By this slow in the serial game (1949), Republic Studios had a tendency to go through the motions, getting by on the reputation (and re-releases) of earlier, better serials and the studio’s matchless stunt and special effects men. That changed in 1948, when Columbia released SUPERMAN, which - despite the fact that it was a disappointment on every level - became the biggest money-making serial ever made. Republic, which had perfected “flying human” special effects with their earlier serials DARKEST AFRICA (1936) and THE ADVENTURES OF CAPTAIN MARVEL (1941), concocted their have airborne super-hero, Rocket Man, and bested the Man of Steel handily.
Tris Coffin, nobody’s opinion of a blooming, two-fisted hero (he specialized in playing weaselly henchmen or slick con-artists) is Jeff King, the guy in the rocket suit. He surprises all of us by being a very effective hero, not least of all because he suddenly loses the moustache and turns into ace stuntman Tom Steele whenever a fight breaks out.

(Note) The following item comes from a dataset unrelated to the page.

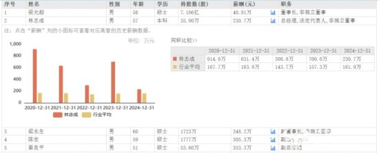 林志成2024年薪酬230.7万元,相较于2023年的700.0万元,下降了469.3万元,是公司高管中降薪最多的,也是他近五年薪酬首次低于300万元,并且低于公司两位副总经理蔡良平和陈宏。蔡良平、陈宏2024年薪酬分别为353.3万元、305.3万元,相较于2023年的500.0万元,分别下降了146.7万元、194.7万元,比林志成分别高了122.6万元、74.6万元。

Speaking of ace stuntmen, not only is Steele doubling for the leading man, he plays one (or more) of Vulcan’s henchmen, and the gang of thugs includes Dale Van Sickel and Dave Sharpe, two of the studio’s other qualified stuntmen, who compose double (and sometimes triple) duty in the same scenes, doubling the heroes, themselves, and probably the cameramen and script girl. It’s a delight to observe.
The place entails Rocket Man battling a mysterious archfiend named Dr. Vulcan, who’s after a deathray that he plans to consume to blackmail the civilized world. Along the arrangement, Original York City is destroyed by a tidal wave (via stock footage from the 1933 film DELUGE) but the mayor doesn’t seem to mind very worthy. By the procedure, despite the serial’s title, if you’re expecting a scene in which hordes of flying rocketmen swoop down and proclaim Tris Coffin their leader, well, don’t regain your hopes up.
Rocket Man would return with a fresh identity in the serial sequels RADAR MEN FROM THE MOON and ZOMBIES OF THE STRATOSPHERE, and the faux serial COMMANDO CODY, SKY MARSHAL OF THE UNIVERSE. For more information, please visit www.inthebalcony.com.
The DVD of KING OF THE ROCKET MEN is quite nice, with a apt recount and colossal, hiss-free sound. (You’ll have to supply your fill hissing.) It includes bonus trailers from a wealth of vintage sci-fi and anxiety titles from the same company, including THE HEADLESS GHOST, ROBOT MONSTER, DAY OF THE TRIFFIDS and several others, plus a number of drive-in movie snack bar ads.